Напротив того, хорошо помню, что я уверенно определил, сколько надо
взять, исходя из всего количества, какое у меня имелось. А потому
комочек опиума, который я проглотил, причем проглотил безо всякого
страха, несомненно, оказался лишь малой частицей всего куска, что был у
меня в руках.
Замок, куда Педро решился проникнуть, взломав дверь, только бы мне,
раненному и измученному, не пришлось ночевать под открытым небом, был
мрачен и величав, - из тех неправдоподобных громад, что уже долгие века
смотрят на нас со склонов Апеннин столь же сурово, как со страниц,
рожденных воображением госпожи Рэдклиф. Судя по всему, покинут он был
совсем недавно и лишь на короткое время. Со дня на день мы ждали
возвращения его обитателей и ничуть не сомневались, что, узнав о
постигшей меня беде, они не поставят самовольное вторжение нам в вину. А
пока, чтобы вторжение это выглядело не столь дерзким, мы подыскали для
себя прибежище поменьше и поскромнее. Разместились мы в одной из боковых
башенок. Убранство здесь было богатое, но старинное и обветшалое. Стены
увешаны гобеленами и украшены разнообразными и многочисленными трофеями
- всевозможными доспехами и оружием - вперемежку со множеством весьма
живо написанных и очень современных картин в роскошных золоченых рамах.

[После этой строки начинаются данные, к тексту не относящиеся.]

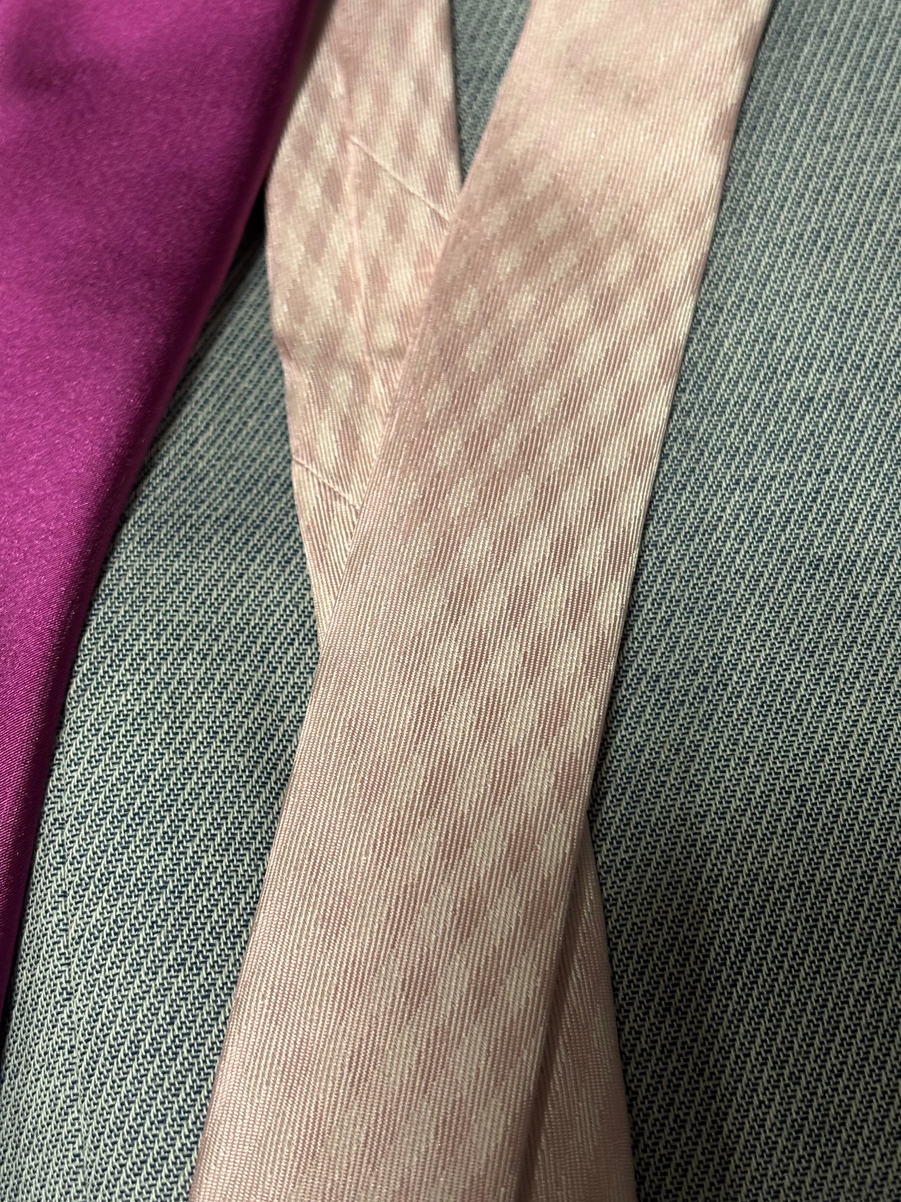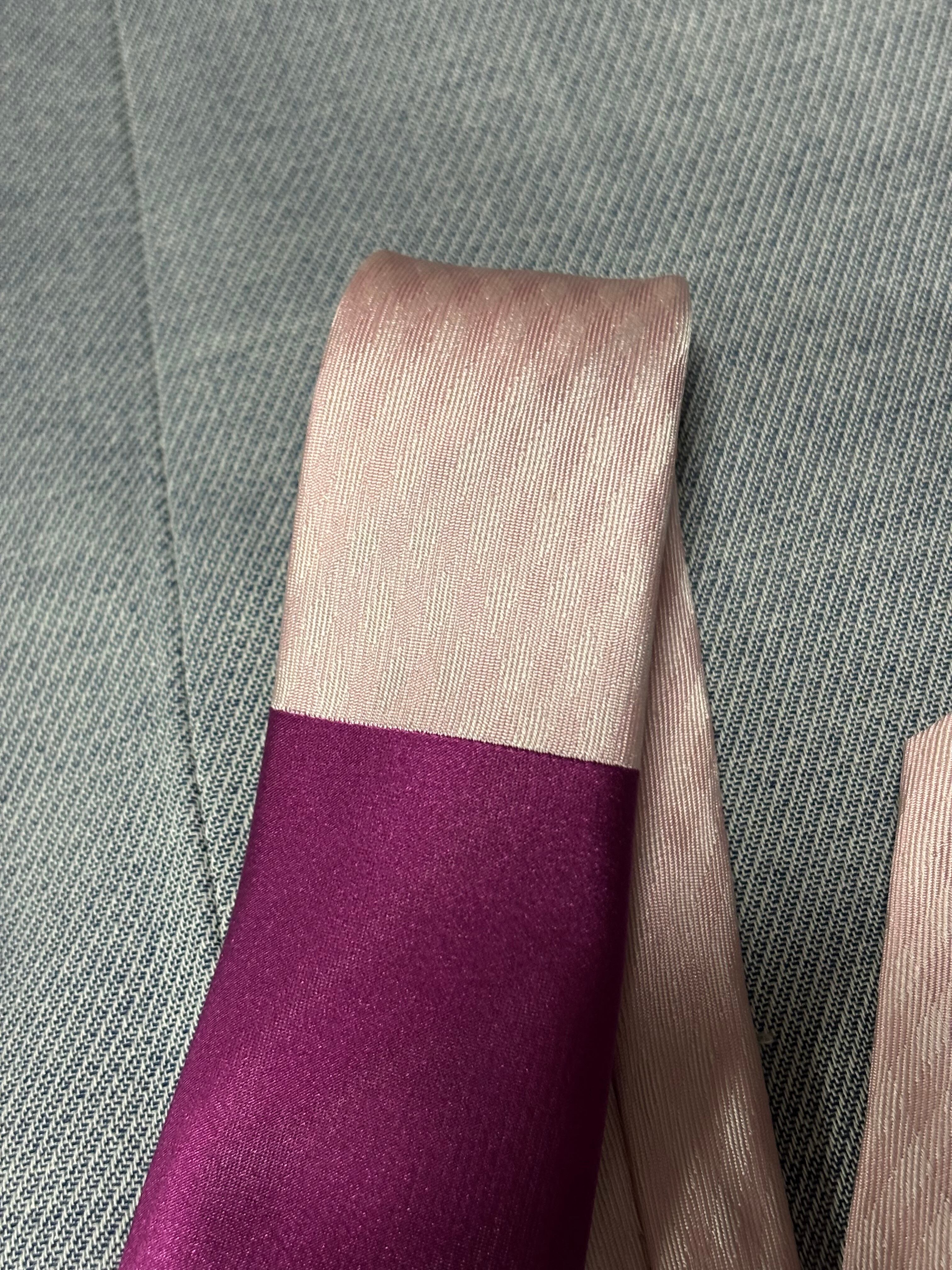 ペールピンク部分のチェック具合もめちゃ良いし、パープルのサテンというのもクールです。白シャツやグレーのシャツとかに合わせて欲しい!

Картины висели повсюду, даже в самых укромных уголках и нишах, каких по
прихоти зодчего здесь оказалось немало, и, может быть, оттого, что мысли
мои начинали путаться, картины эти пробудили во мне живейший интерес; а
потому, проглотив, как уже сказано, опиум, я велел Педро закрыть тяжелые
ставни (ведь давно стемнело), зажечь все свечи в высоком канделябре, что
стоял у изголовья моей постели, и во всю ширь распахнуть завесы
балдахина из черного бархата с тяжелой бахромой. Я распорядился так
затем, чтобы, если не сумею уснуть, можно было хотя бы попеременно
предаваться созерцанию картин и перелистывать найденную еще раньше на
подушке переплетенную тетрадку, в которой содержался рассказ об этих
полотнах и их описание.
Долго, долго я читал - и увлеченно, самозабвенно смотрел, и меж тем
чувствовал, как сладостный дурман украдкой проникает в мой мозг,
чувствовал, что это его чары прибавляют пышности и прихотливости
роскошным рамам.., прибавляют воздушной легкости краскам, сверкающим на
холстах.., прибавляют волнующей увлекательности тетрадке, которую я
перелистывал. Я сознавал, что многое мне просто чудится, и, однако же,
от этого только еще глубже наслаждался колдовским обманом. Незаметно
летели часы, настала глубокая , ночь. Мне не нравилось, как падает свет,
и, не желая будить задремавшего слугу, я с трудом дотянулся до
канделябра и переставил его так, чтобы он лучше освещал раскрытые
страницы.
Следствие этого оказалось совершенно неожиданное. Свечи (в канделябре
их было много) озарили нишу, которую до той минуты скрывала густая тень,
отброшенная одним из столбиков, что поддерживали балдахин. И в ярком
свете я увидел картину, прежде не замеченную. То был портрет совсем
юной, едва расцветшей женщины. Я бросил на него беглый взгляд и поспешно
закрыл глаза. Сперва я и сам не понял, отчего так поступил. Но потом,
лежа со смеженными веками, начал мысленно искать причину, которая
заставила меня зажмуриться. Видно, то был невольный порыв, стремление
выиграть время и поразмыслить.., удостовериться, что зрение меня не
обмануло.., успокоить и обуздать воображение, чтобы затем посмотреть
взглядом более твердым и трезвым. Через несколько минут я снова
пристально поглядел на картину.
Теперь я уже не мог и не хотел сомневаться, что глаза меня не
обманывают: ибо первый же отблеск свеч на холсте, казалось, рассеял
незаметно овладевшее мною дремотное оцепенение и разом, словно удар
гальванического тока, вернул мне остроту чувств. Предо мною, как я уже
сказал, был портрет юной женщины - голова и плечи, написанные, как это
называют художники, "виньеткой", наподобие излюбленных головок Сюлли.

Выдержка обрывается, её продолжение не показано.